Les causes exactes de la crue font encore l’objet d’investigations. Les experts évoquent plusieurs hypothèses : des précipitations exceptionnelles, une fonte rapide des glaciers due aux températures estivales, ou encore la rupture d’un lac glaciaire. Autant dire que le contexte géologique et climatique de la région joue un rôle clé dans cette tragédie.

Un monastère transformé en havre de survie

Face à l’ampleur de la catastrophe, les autorités tibétaines ont réquisitionné un monastère bouddhiste situé à Gyirong pour en faire un point de rassemblement sécurisé. Ce bâtiment, traditionnellement dédié à la méditation, accueille désormais des familles entières, des randonneurs surpris par l’inondation ainsi que des habitants coupés du monde. « Les hélicoptères de l’armée et des ONG se relaient pour acheminer eau, nourriture et médicaments », explique Ondine De Gaulle. Pour l’heure, aucune information n’a filtré concernant des cas de malnutrition ou d’épidémie parmi les réfugiés.
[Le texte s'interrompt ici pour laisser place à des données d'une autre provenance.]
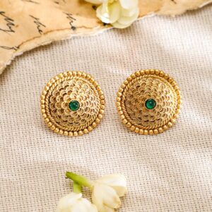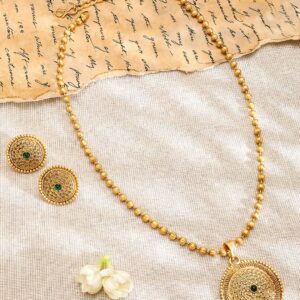 Jewellery Set: This 22K gold-plated traditional jewellery set features an intricately designed pendant and matching earrings, accented with a green stone. Perfect for adding elegance to your cultural attire. Occasion : Bring your style to a whole new level with this handcrafted piece of jewellery. When you’re celebrating a special Occasion : – a birthday, wedding, or personal milestone – this piece adds that extra something that makes us feel special and looking our best. Material : & Care Dimension : Length : 35 cm/ 1 cm Width : 3.5 cm / 1 cm Material: Brass Net Weight: 25 Gram Net Quantity: 1 Necklace & 1 Pair of Earrings Care Label: It is advisable to avoid contact with water and organic chemicals i.e. perfume sprays. Store jewellery in airtight box. After use, wipe the jewellery with soft cotton cloth.

Les températures fraîches de la région, même en septembre, ajoutent une difficulté supplémentaire aux opérations. Les rescapés, souvent vêtus de vêtements légers, dépendent désormais entièrement des secours pour leur survie. Les autorités locales ont appelé la population à éviter tout déplacement non essentiel dans la zone, où les risques de nouveaux glissements de terrain persistent.

Un bilan provisoire qui pourrait s’alourdir

Alors que les équipes sur le terrain continuent leurs recherches, le bilan de 550 morts risque de s’alourdir dans les prochaines heures. Les autorités tibétaines et népalaises collaborent étroitement pour tenter de localiser les disparus, mais les conditions météorologiques et l’état des infrastructures rendent la tâche ardue. « On craint que des corps restent bloqués sous les décombres ou emportés par les rivières », confie un responsable des secours sous couvert d’anonymat.

En parallèle, les autorités appellent à la prudence quant aux rumeurs circulant sur les réseaux sociaux, invitant chacun à se fier uniquement aux communiqués officiels. La région, déjà éprouvée par des crises précédentes, fait face à une nouvelle épreuve dont l’issue reste incertaine.

Et maintenant ?

Les prochaines 48 heures seront déterminantes pour évaluer l’étendue réelle des dégâts et identifier d’éventuels survivants. Les autorités tibétaines ont annoncé l’envoi de renforts supplémentaires, notamment des équipes médicales et des spécialistes en gestion de crise. Une réunion d’urgence est prévue demain à Lhassa, la capitale régionale, pour coordonner les actions entre les différents acteurs locaux et internationaux. Bref, la situation reste extrêmement volatile, et chaque heure compte.

Pour l’heure, les regards se tournent également vers les causes profondes de cette catastrophe. Des experts en hydrologie et en risques naturels pourraient être mobilisés dans les prochains jours pour analyser les mécanismes à l’origine de la crue. Reste à savoir si les infrastructures locales pourront être rapidement reconstruites ou si des mesures préventives seront enfin mises en place pour éviter de nouvelles tragédies.

La région du district de Gyirong, comme une grande partie de l’Himalaya, est soumise à un relief très accidenté et à une activité sismique fréquente. Les sols, souvent meubles et saturés d’eau en période de mousson, deviennent instables. De plus, la fonte accélérée des glaciers due au réchauffement climatique aggrave les risques de crues soudaines et de coulées de boue, comme l’a confirmé une étude publiée en 2024 par l’Académie chinoise des sciences.